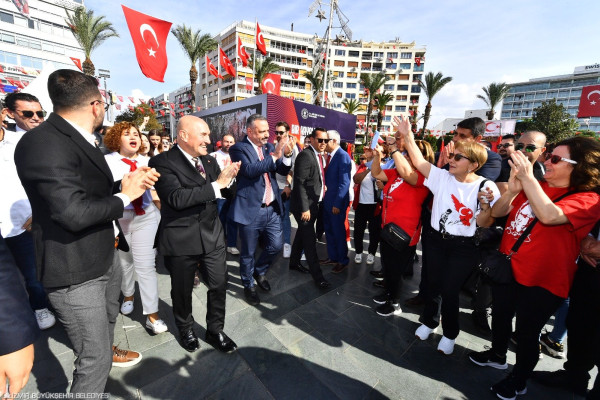 CHP İzmir İl Başkanı Şenol Aslanoğlu ise, “Bugün hepimiz için en kutlu gün. Çünkü bugün tebaa olmaktan, kul olmaktan çıkıp, vatandaş olmaya geçtiğimiz gündür. Egemenliğin bizde, bizzat millette olduğunun anayasamıza yazıldığı gündür. Yüz yıl sonra aynı coşkuyla haykırıyoruz. Yaşasın Cumhuriyet. Bölgemizdeki istikrarsızlıkların içerisinde bugün özgürce yaşayabiliyorsak, her şeye rağmen demokrasimizle gurur duyabiliyorsak, bunu sağlayan Cumhuriyet’tir. Bunu bize sağlayan “Yurtta Sulh, Cihanda Sulh” diyen Atatürk’tür. Savaşın ne olduğunu Filistinlilere sormak lazım. Iraklılara sormak lazım, Suriyelilere sormak lazım. İranlılara sormak lazım. Azerbaycanlılara sormak lazım. Rusyalılara, Ukraynalılara sormak lazım. Herkesin birbiri ile savaştığı bu coğrafyada 100 yıldır savaş görmeden yaşadığımız için sana minnet duyuyoruz Atam” diye konuştu.
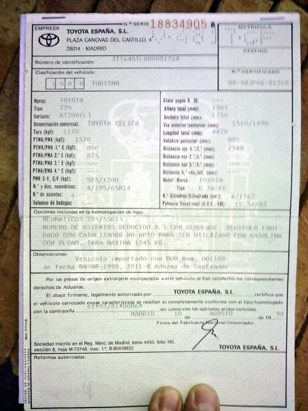 Prestaciones y consumos homologados
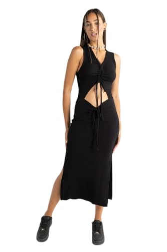 فستان من الفسكوز والبولي اميد مع خيط سحب للنساء من ايه اس تي كيه، لون اسود، مقاس L
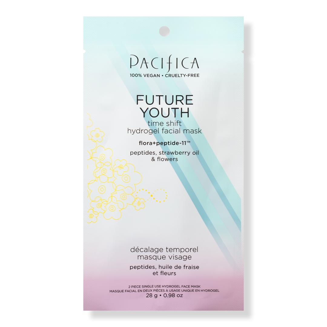 Beauty's Future Youth Time Shift Hydrogel Facial Mask is an ultra-hydrating serum-soaked hydrogel mask containing Pacifica's exclusive Flora+peptide-11 complex of multi-peptides and phytonutrients to help address signs of aging and provide a lipo-plumping effect to your face, décolletage, and neck.
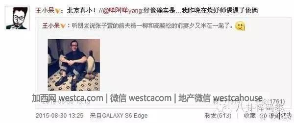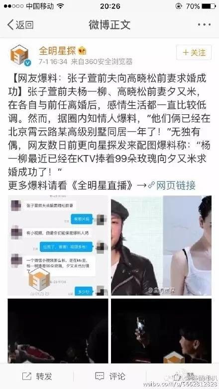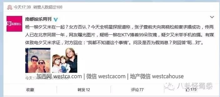 然後今天全明星探爆出了個新聞,說是張子萱的我前夫楊壹柳向高曉松的前妻夕又米求婚成功,而且兩人已經同居了壹年多了。兩人被拍到壹起吃飯回家秀恩愛。
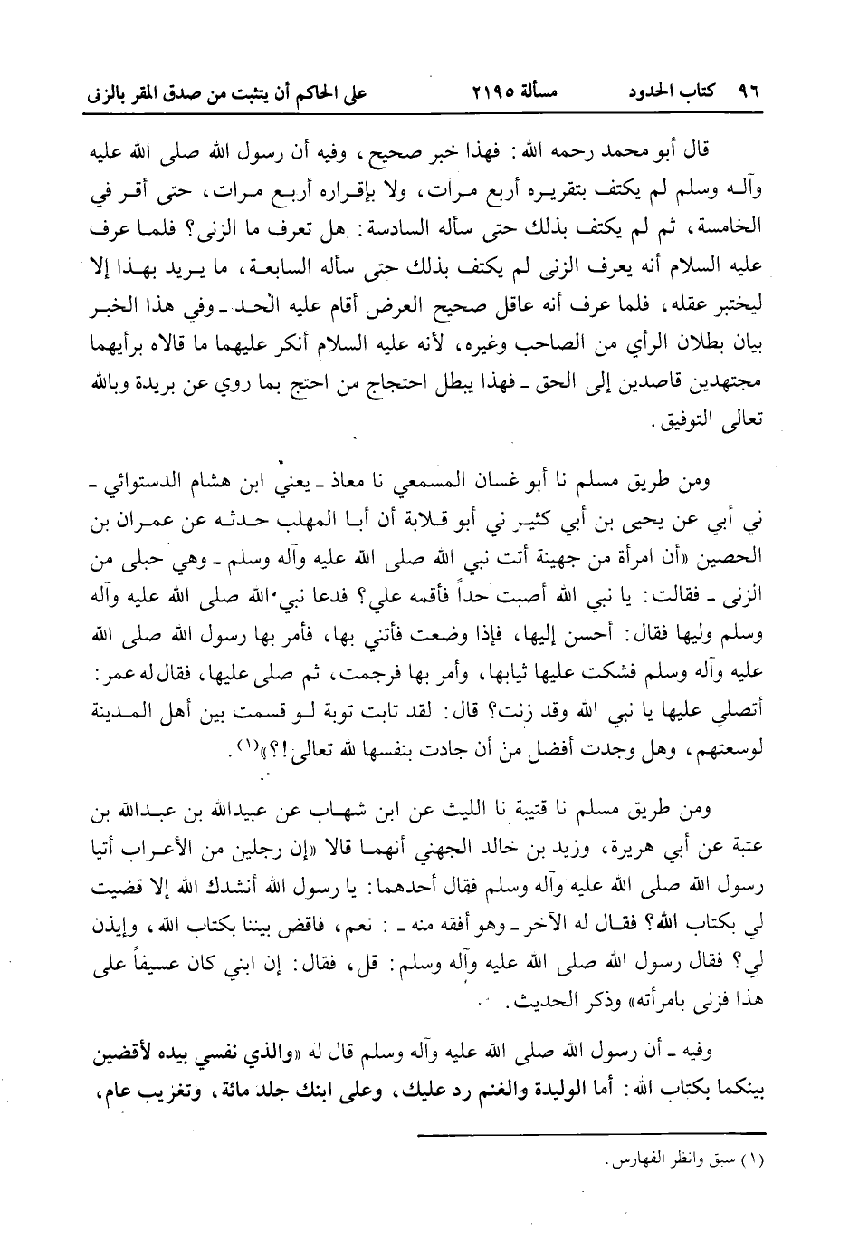 قَالَ أَبُو مُحَمَّدٍ - رَحِمَهُ اللَّهُ -: فَهَذَا خَبَرٌ صَحِيحٌ، وَفِيهِ أَنَّ رَسُولَ اللَّهِ - صَلَّى اللَّهُ عَلَيْهِ وَآلِهِ وَسَلَّمَ - لَمْ يَكْتَفِ بِتَقْرِيرِهِ أَرْبَعَ مَرَّاتٍ، وَلَا بِإِقْرَارِهِ أَرْبَعَ مَرَّاتٍ، حَتَّى أَقَرَّ فِي الْخَامِسَةِ، ثُمَّ لَمْ يَكْتَفِ بِذَلِكَ حَتَّى سَأَلَهُ السَّادِسَةَ: هَلْ تَعْرِفُ مَا الزِّنَى؟ فَلَمَّا عَرَفَ - عَلَيْهِ السَّلَامُ - أَنَّهُ يَعْرِفُ الزِّنَى لَمْ يَكْتَفِ بِذَلِكَ حَتَّى سَأَلَهُ السَّابِعَةَ، مَا يُرِيدُ بِهَذَا إلَّا لِيَخْتَبِرَ عَقْلَهُ، فَلَمَّا عَرَفَ أَنَّهُ عَاقِلٌ صَحِيحُ الْعَرْضِ أَقَامَ عَلَيْهِ الْحَدَّ - وَفِي هَذَا الْخَبَرِ بَيَانُ بُطْلَانِ الرَّأْيِ مِنْ الصَّاحِبِ وَغَيْرِهِ، لِأَنَّهُ - عَلَيْهِ السَّلَامُ - أَنْكَرَ عَلَيْهِمَا مَا قَالَاهُ بِرَأْيِهِمَا مُجْتَهِدِينَ قَاصِدِينَ إلَى الْحَقِّ - فَهَذَا يُبْطِلُ احْتِجَاجَ مَنْ احْتَجَّ بِمَا رُوِيَ عَنْ بُرَيْدَةَ وَبِاَللَّهِ تَعَالَى التَّوْفِيقُ

Exercise aim: Where pictures appear, omit them, and transcribe exactly, with nothing else, the lines from the line with "فستان من الفسكوز" through the final line of the records above, both ends included.

Output for this task:
 فستان من الفسكوز والبولي اميد مع خيط سحب للنساء من ايه اس تي كيه، لون اسود، مقاس L
 Beauty's Future Youth Time Shift Hydrogel Facial Mask is an ultra-hydrating serum-soaked hydrogel mask containing Pacifica's exclusive Flora+peptide-11 complex of multi-peptides and phytonutrients to help address signs of aging and provide a lipo-plumping effect to your face, décolletage, and neck.
 然後今天全明星探爆出了個新聞,說是張子萱的我前夫楊壹柳向高曉松的前妻夕又米求婚成功,而且兩人已經同居了壹年多了。兩人被拍到壹起吃飯回家秀恩愛。
 قَالَ أَبُو مُحَمَّدٍ - رَحِمَهُ اللَّهُ -: فَهَذَا خَبَرٌ صَحِيحٌ، وَفِيهِ أَنَّ رَسُولَ اللَّهِ - صَلَّى اللَّهُ عَلَيْهِ وَآلِهِ وَسَلَّمَ - لَمْ يَكْتَفِ بِتَقْرِيرِهِ أَرْبَعَ مَرَّاتٍ، وَلَا بِإِقْرَارِهِ أَرْبَعَ مَرَّاتٍ، حَتَّى أَقَرَّ فِي الْخَامِسَةِ، ثُمَّ لَمْ يَكْتَفِ بِذَلِكَ حَتَّى سَأَلَهُ السَّادِسَةَ: هَلْ تَعْرِفُ مَا الزِّنَى؟ فَلَمَّا عَرَفَ - عَلَيْهِ السَّلَامُ - أَنَّهُ يَعْرِفُ الزِّنَى لَمْ يَكْتَفِ بِذَلِكَ حَتَّى سَأَلَهُ السَّابِعَةَ، مَا يُرِيدُ بِهَذَا إلَّا لِيَخْتَبِرَ عَقْلَهُ، فَلَمَّا عَرَفَ أَنَّهُ عَاقِلٌ صَحِيحُ الْعَرْضِ أَقَامَ عَلَيْهِ الْحَدَّ - وَفِي هَذَا الْخَبَرِ بَيَانُ بُطْلَانِ الرَّأْيِ مِنْ الصَّاحِبِ وَغَيْرِهِ، لِأَنَّهُ - عَلَيْهِ السَّلَامُ - أَنْكَرَ عَلَيْهِمَا مَا قَالَاهُ بِرَأْيِهِمَا مُجْتَهِدِينَ قَاصِدِينَ إلَى الْحَقِّ - فَهَذَا يُبْطِلُ احْتِجَاجَ مَنْ احْتَجَّ بِمَا رُوِيَ عَنْ بُرَيْدَةَ وَبِاَللَّهِ تَعَالَى التَّوْفِيقُ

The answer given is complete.